Eighty years ago, in mid-January 1946, the inaugural session of the United Nations General Assembly took place in London. It is also symbolic that in January 1920 the Treaty of Versailles entered into force, formally ending the First World War and establishing the League of Nations, the immediate predecessor to the United Nations. This anniversary therefore provides an opportunity to assess the work of this prominent international organization—recalling not only its well-known failures, which have been widely discussed, particularly in light of recent international events, but also its achievements, which are worthy of recognition and public awareness.

THE INAUGURAL SESSION OF THE UN GENERAL ASSEMBLY: “CREATING A WORLD OF SECURITY AND FREEDOM”

The United Nations was established in 1945, immediately after the end of the Second World War, by the countries of the anti-Hitler coalition. Like the League of Nations before it, the UN was intended to prevent future wars and to resolve interstate disputes through peaceful means.

The inaugural session of the United Nations General Assembly at Westminster Hall; January 1946. Photo via mchw.live
The inaugural session of the United Nations General Assembly at Westminster Hall; January 1946. Photo via mchw.live

The first session of the United Nations General Assembly was held in London, in Westminster Central Hall. The event was covered by approximately 800 journalists—several times more than the number of delegates to the gathering. Notably, it was the first international conference to be broadcast on television.

In welcoming the delegates, British Prime Minister Clement Attlee first recalled the still-recent destruction of London by Nazi air raids and then expressed hope for the “creation of a world of security and freedom,” one that would be “governed by justice and moral law.” Geneva was also mentioned, as 26 years earlier the League of Nations had been established there, and many of those present at the first UN General Assembly session in Westminster had previously participated in the work of the UN’s predecessor.

THE CORE PROBLEM: WHY THE UN IS UNABLE TO DETER AGGRESSION BY MAJOR POWERS

The UN’s 80-year legacy is complex and ambiguous. Its significant achievements should not be discounted, yet it is evident that today the organization is unable to restrain aggression by major powers. Russia’s invasion of Ukraine—an independent and sovereign state, and an overt act of military aggression—and the international response to it illustrate this reality. The UN has effectively become a recorder of the breakdown of the international order that it was originally created to uphold.

Why, then, is the UN unable to adopt effective, decisive measures? First, because of the veto power exercised over resolutions of the United Nations Security Council. Second, even when decisions are formally adopted, they often remain unenforced due to a lack of cooperation among major powers or because there is insufficient genuine international interest driven by low geopolitical stakes.
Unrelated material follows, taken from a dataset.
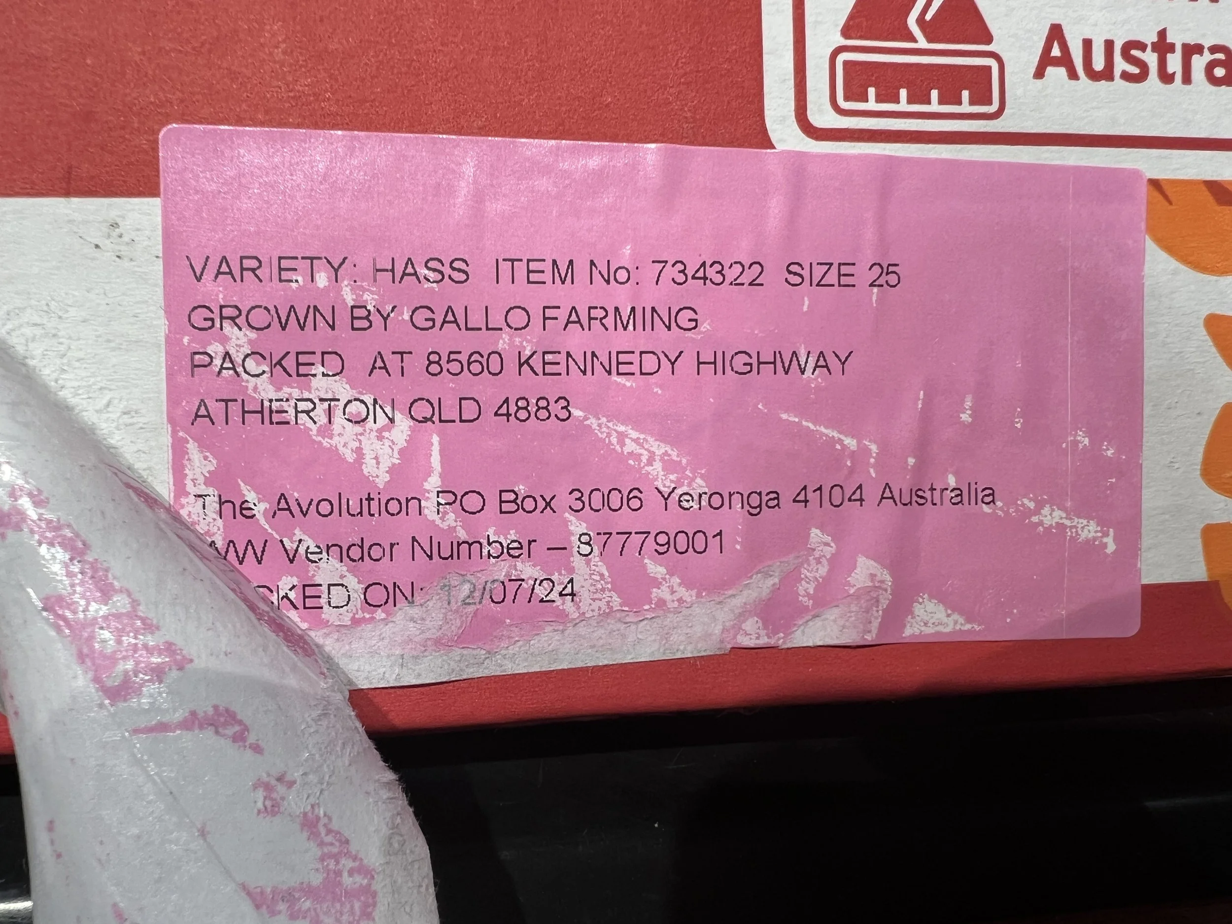 Count 25 loose Hass Avos from Rockridge- $1.80 ea - packed 11th July therefore fruit age is 13 days.

In other words, major states tend to remain indifferent to the troubles of smaller ones whose fate does not directly affect them. Clear examples include UN decisions related to Myanmar and Sudan.

The problem lies not so much in the bureaucratic nature of the United Nations as in the fact that powerful states increasingly place their own interests above those of allies, the international community, and even above international law itself. As recently stated quite explicitly by Stephen Miller, the Homeland Security Adviser to the U.S. President, the world is “governed by force, coercion, and power,” and that “the United States will henceforth act from a position of strength rather than from the standpoint of international law.”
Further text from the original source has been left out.